Au fil des ans, Luke est resté fidèle au producteur américain Daniel Presley, « il a une vision francisée du rock. Nous avons voulu retravailler avec lui, parce qu’on ne voulait pas faire les mêmes choses que précédemment. Lui seul nous connaît bien. » Vous pensez au prochain album ? « pourquoi, vous me posez cette question ? On vient de sortir celui-là… Il y a une sorte de zapping de la musique qui est assez affligeant. On écoute à peine les albums, et on passe au suivant… » Pour autant, le dernier des Luke mérite qu’on s’y attarde. Parce qu’il est singulier et surprenant. Parce qu’il a du caractère. Parce qu’il est bon. Résultat d’un travail efficace et abouti.
« Ce qui est mythique, c’est de jouer au Splendid de Lille ou à la Laiterie à Strasbourg, pas à l’Olympia ! »

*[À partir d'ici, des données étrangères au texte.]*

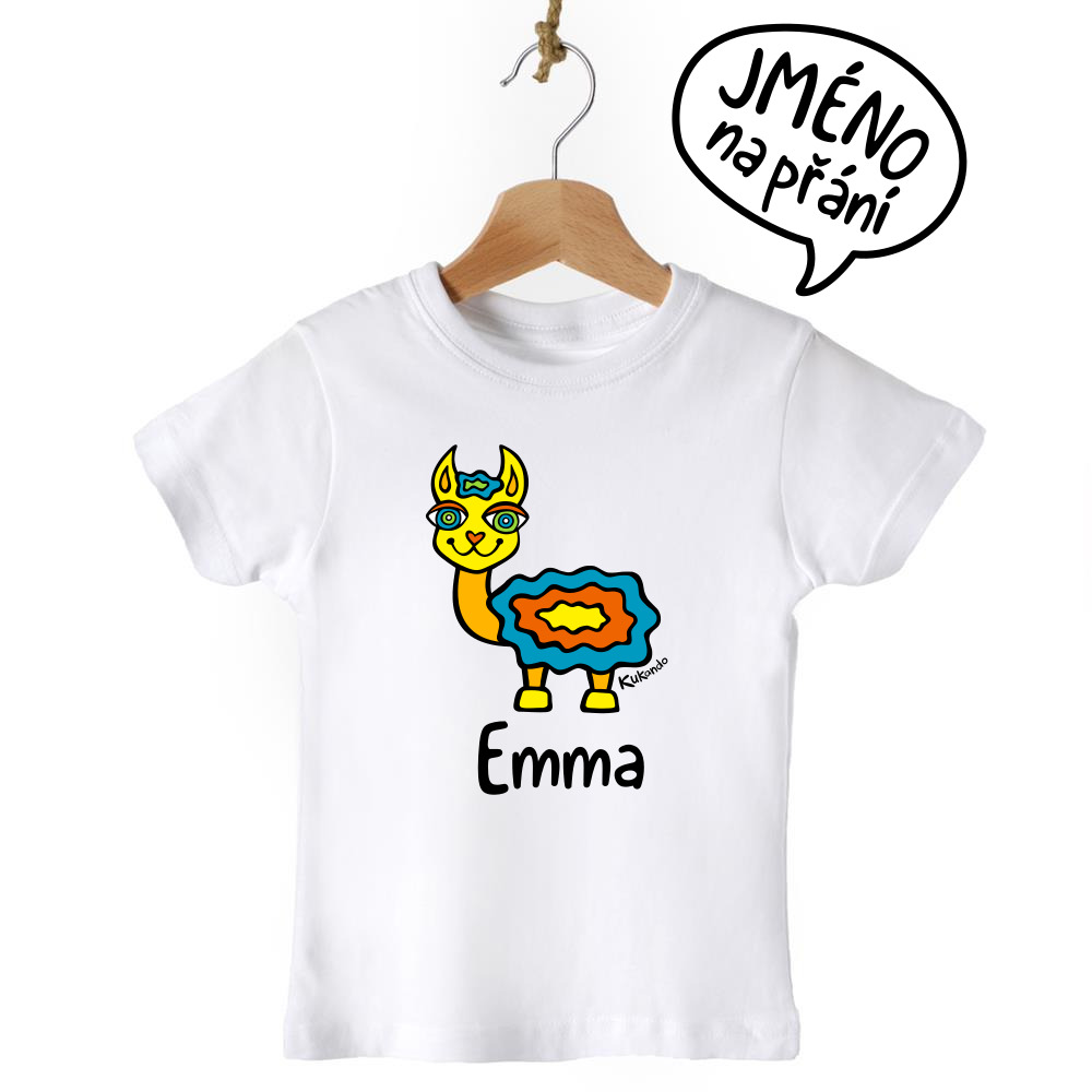 Veselé dětské tričko se jménem a s motivem Kukando® lamy – autorského obrázku, který jinde nenajdete :-)

Le leader des Luke garde un souvenir amer de ses premières années dans l’univers artistique, « en France, il faut montrer patte blanche… mais les critiques sont parfois sévères. Elles peuvent être acariâtres comme dithyrambiques ! Il faudrait que les journalistes abordent les groupes de manière différente, les chanteurs à texte sont toujours considérés comme des poètes, et pas les rockeurs ! On va encenser (à raison) le dernier Amy Whinehouse, comme on va sabrer les artistes français. Il ne faut pas s’étonner d’assister à la disparition de la musique française. » Thomas Boulard semble un peu désabusé, mais il ne renie pas sa chance (ndlr : lucky en anglais) de connaître le succès et de remplir les salles « au vu de la situation du disque. » Dernièrement, le groupe s’est offert l’Olympia à Paris, « pour nous ce qui est mythique, c’est de jouer au Splendid de Lille ou à la Laiterie à Strasbourg et pas de jouer à l’Olympia (Paris) ! » La tournée des Enfants de Saturne passera par Dijon, ce samedi (complet), et devrait se poursuivre jusqu’à l’été prochain. Voire plus.